The overall structure

The code stream structure of H.264 is not so complicated. After coding, each group of images (GOP) of the video is given the transmission sequence (PPS) and the image parameters (SPS) of the frame itself. Therefore, the overall content is as follows

GOP image group mainly describes how many frames are separated from one I frame to the next I frame. Increasing the image group can effectively reduce the volume of the encoded video, but also reduce the video quality. How to choose depends on the demand.

Type of NALU header

Enum nal_unit_type_e {NAL_UNKNOWN = 0, // NAL_UNKNOWN = 1, // NAL_SLICE_DPA = 2, // Partition A NAL_SLICE_DPB = 3, // partition B NAL_SLICE_DPC = 4, // partition C NAL_SLICE_IDR = 5, / ref_idc! = 0 // / NAL_SEI = 6 in IDR image, / ref_idc == 0 // / Supplementary enhancement information unit - Parameter set is a new concept in H.264 standard, which is a method of enhancing error recovery ability by improving video bitstream structure. NAL_SPS = 7, // Sequence parameter set (including all information of an image sequence, that is, all image information between two IDR images, such as image size, video format, etc.) NAL_PPS = 8, // Image parameter set (including all relevant information of all fragments of an image, - NAL_AUD = 9, // NAL_FILLER = 12, // Fill (dummy metadata, used to fill bytes)/ref_idc == 0for6,9, 10 (indicating that the next image is an IDR image),11 (indicating that there are no images in the stream),12 /}; Ps: The type in parentheses () above is describedCopy the code

added

  • I,P,B frames with PTS/DTS
The I frame P frame B frame
Intra-frame encoding frame Forward prediction coding frame Bidirectional predictive coding frames
I frame is usually the first frame of each GOP, which is moderately compressed. As a reference point for random access, it can be regarded as the product of a compressed image Compression of transmission data encoded images by time redundancy information that is sufficiently lower than the previous encoded frames in the image sequence, also called predictive frames The encoded image that compresses the amount of transmitted data by considering the time redundancy information between the encoded frames before and after the source image sequence, also known as the bidirectional prediction frame
I, P, B frames
  • I Frame: It can be decompressed into a single complete image by the video decompression algorithm
  • P frame: refer to the I frame or B frame before it to generate a complete image
  • B frame: a complete picture is generated by referring to the preceding I frame or P frame and the following P frame.
DTS,PTS
  • PTS: PTS is mainly used to measure when the decoded video is displayed
  • DTS: DTS is mainly used to identify when the Bit stream in memory starts to be sent into the decoder for decoding
GOP

A GOP is a group of pictures, and a GOP is a group of continuous pictures. GOP generally has two numbers, such as M=3 and N=12.M defines the distance between frames I and P, and N specifies the distance between two frames I. So now the GOP structure is I BBP BBP BBP BB I

IDR

The first image in a sequence is called an IDR image (refresh now image), and IDR images are i-frame images.

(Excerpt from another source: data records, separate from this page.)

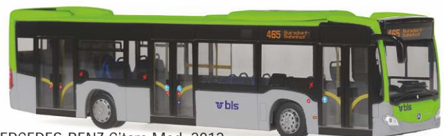
MERCEDES-BENZ Citaro Mod. 2012 „BLS, Bern“ 69404 | 1:87 | BV | CH | PG 47*
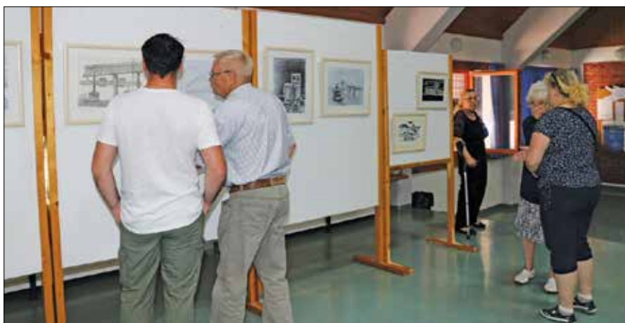
Obiskovalci so se lahko prepričali, da umetniška risba nosi neko enkratnost in je na papirju na enak način ne moremo ponoviti.
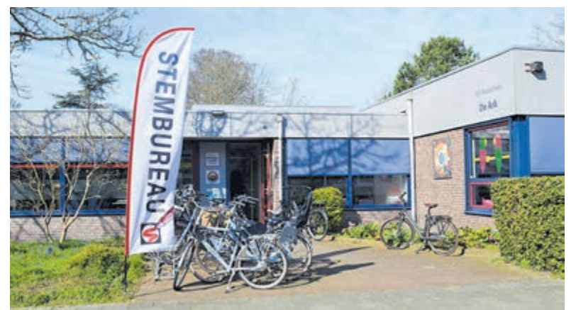
Stembureau op basisschool de Ark.

Ondanks dat partijen het niet ontkenen, loopt Nederland tegen haar grenzen aan wat betreft het aantal inwoners. Jaarlijks een stad als Purmerend (80.000) erbij is niet langer vol te houden. Ook hier botste de coalitie. Het breekpunt was het nareizen van familie van hen die tot Nederland zijn toegelaten. Iedere toegelaten asielzoeker zal een aantal familieleden laten overkomen. In 2023 staat de teller nu al op +/- 6.000 nareizigers. De VVD en het CDA wilden de instroom van familieleden beperken of tenminste ver-
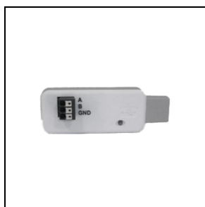
3115612 USB key EcoEcco
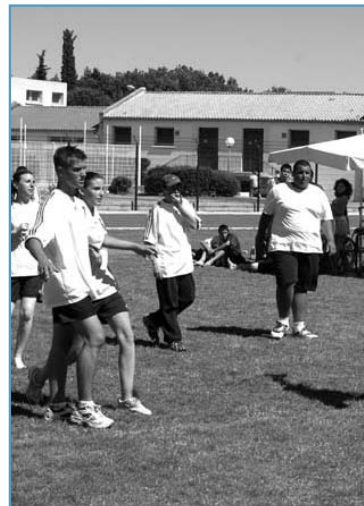
Tournoi de Hand-ball - Hand-ball Club G
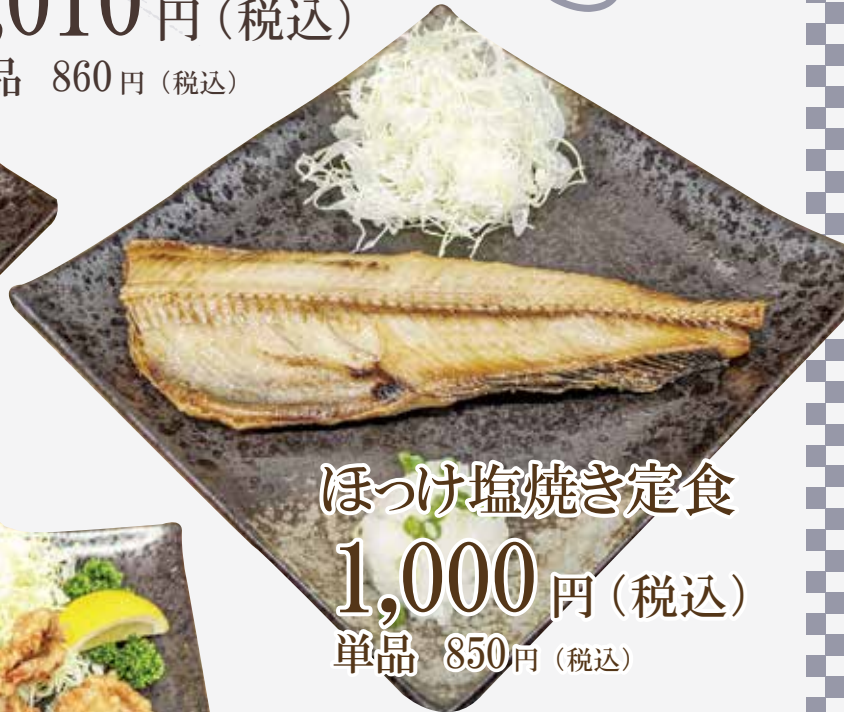
ほっけ塩焼き定食

Both I and IDR frames use intra-frame prediction. Frame I does not refer to any frame, but subsequent P and B frames may refer to the frame before frame I. IDR does not allow this.

  • Core function: H.264 introduces IDR image for decoding resynchronization. When decoder decodes IDR image, the reference frame queue will be emptied immediately, all the decoded data will be output or discarded, and the parameter set will be searched again to start a new sequence. This gives you an opportunity to resynchronize if a major error occurred in the previous sequence. Images after IDR images are never decoded using data from images before IDR.
Intra-frame prediction and inter-frame prediction
  • Intra-frame prediction (also called intra-frame compression)

We can infer and calculate the encoding of block 6 from the encoding of block 1, 2, 3, 4, and 5, so there is no need to encode block 6, thus compressing block 6 and saving space

You can see that the difference between the two frames is actually very small, so it makes sense to use interframe compression. Several important concepts are involved: block matching, residuals, motion search (motion estimation), and motion compensation. The most common form of inter-frame compression is Block Matching. Look for a block that is most similar to my current block in previous frames, so I don’t have to encode the contents of the current block, just the difference (residuals) between the current block and the one I found. The process of finding the most desirable block is called Motion Search, also known as Motion estimation. Motion Compensation is the process by which residuals and original blocks are used to calculate the current block.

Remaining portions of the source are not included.